David Bensadon, Founder of We Are Caring

Als David Bensadon “We Are Caring”, eine Organisation für soziale Auswirkungen mit Fokus auf die ethische Vermittlung von Migranten als Hausangestellte, gründete, wollte er einen Kostenpunkt aus dem System entfernen: die Gebühren, die Arbeitskräfte zahlen, um eine Stelle zu erhalten. Ein Jahrzehnt später verändert diese Entscheidung die Branche für Migranten als Hausangestellte nachhaltig.

Seit Generationen bilden Hausangestellte das stille Rückgrat des Lebens in Singapur. Laut Angaben des Arbeitsministeriums sorgen im Jahr 2025 mehr als 300.000 Migranten als Hausangestellte (MDWs) für das Funktionieren der Haushalte — sie unterstützen Doppelverdiener-Familien und betreuen eine alternde Bevölkerung. Doch für viele von ihnen beginnt das Versprechen auf eine feste Anstellung mit Schulden, da Monate vergehen, bis der erste Lohn eintrifft. Es ist ein System, das lange als selbstverständlich angesehen und erst jetzt hinterfragt wird.

Innerhalb dieses Systems sah der Gründer und Geschäftsführer von “We Are Caring”, David Bensadon, eine Chance für Veränderung.

Im Jahr 2016 startete der französische Unternehmer die Organisation “We Are Caring”, eine Plattform für ethische Vermittlung, mit dem Ziel, dass die Vermittlung für Hausangestellte kostenlos und dennoch wirtschaftlich tragfähig sein sollte. Ein Jahrzehnt später beeinflusst diese Idee weiterhin, wie die ethische Anwerbung von Migranten als Hausangestellte in Singapur verstanden und praktiziert wird. Als Bensadon für einen MBA-Austausch nach Singapur kam, führte ihn sein Interesse an der Altenpflege dazu, mit Familien — und schließlich mit den Hausangestellten, die sie unterstützten — zu sprechen. Viele beschrieben dieselbe Erfahrung: erhebliche Lohnabzüge und Gebühren, die allein dafür anfielen, eine Stelle zu sichern.
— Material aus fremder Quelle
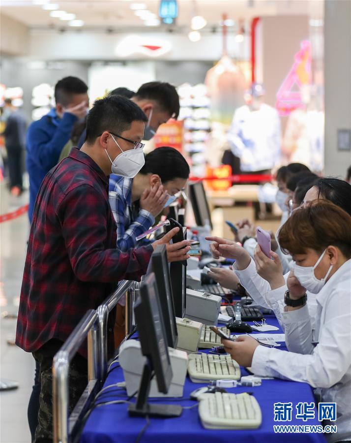 5月5日,消費者在上海一家商場的消費券服務(wù)臺前排隊辦理業(yè)務(wù)。5月4日晚,上海首次啟動大規(guī)模商業(yè)促銷活動“五五購物節(jié)”,多家在線新經(jīng)濟(jì)企業(yè)參與,通過線上流量優(yōu)勢反哺線下賣場,實現(xiàn)電商與實體零售融合互動,激活消費潛力、驅(qū)動消費復(fù)蘇。據(jù)“上海發(fā)布”的消息,截至5日14時12分,“五五購物節(jié)”上海地區(qū)消費支付總額已超100億元。新華社記者丁汀攝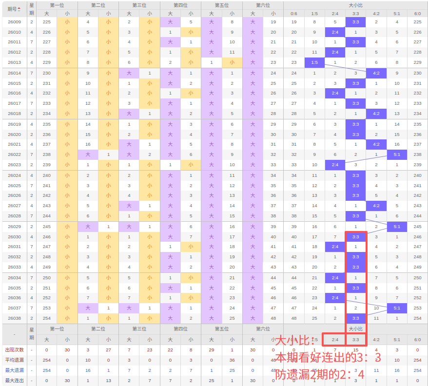 上期大小比:3:3,近10期大小比出现情况:5:1、3:3、2:4、3:3、3:3、2:4、3:3、2:4、5:1、3:3,最近10期出现5期3:3,出现0期4:2,出3期2:4,出现2期5:1,出现0期1:5,出现0期6:0,出现0期0:6,根据近10期规律本期看好连出3:3,防遗漏2期的2:4,综上所述推荐大小比推荐:2:4,重点关注:3:3。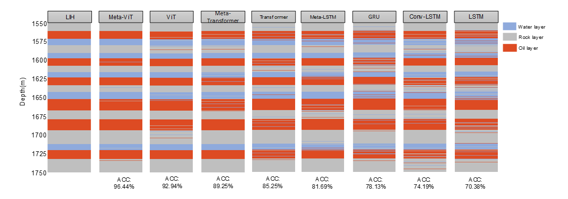 流体预测的改进对评估地质储量和制定开发策略至关重要,通过识别和分类钻井数据中的流体,可以指导合理的资源开发。本研究提出了结合元学习和视觉变换器的Meta-ViT方法,旨在解决小样本钻井数据中的流体分类问题。实验结果表明,Meta-ViT能够有效提高流体识别性能,尤其在处理复杂地质条件下表现优越。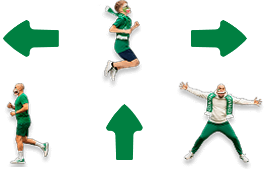- Judėk į šonus, kad nenukristum.

Nach Gesprächen mit Interessenvertretungen für eine fairere Anwerbung machte sich Bensadon daran, ein Modell aufzubauen, in dem Ethik und Geschäft harmonieren. Zu Beginn war Glaubwürdigkeit die erste Hürde. “Ich begann ohne Vorkenntnisse über Vorschriften und Arbeitsregeln … und ohne Netzwerk”, erinnert er sich. “Natürlich brauchte das Wachstum des Unternehmens Zeit.”

Arbeitgeber zu überzeugen, erwies sich als besonders schwierig. Als Neuling — und zudem als Ausländer — bat er Familien, einem Modell zu vertrauen, das den Branchennormen widersprach. Auf der anderen Seite des Marktes jedoch war die Reaktion unmittelbar. Die Hausangestellten bewarben sich in großer Zahl, angelockt von einem einfachen Versprechen: Sie müssten nicht zahlen, um eine Stelle zu bekommen. “Wir sind die erste Agentur in Singapur, die von den Arbeitskräften keine Gebühren für die Vermittlung verlangt”, sagt Bensadon. “Sie waren sehr froh darüber und haben ‘We Are Caring’ ihren Freunden weiterempfohlen.”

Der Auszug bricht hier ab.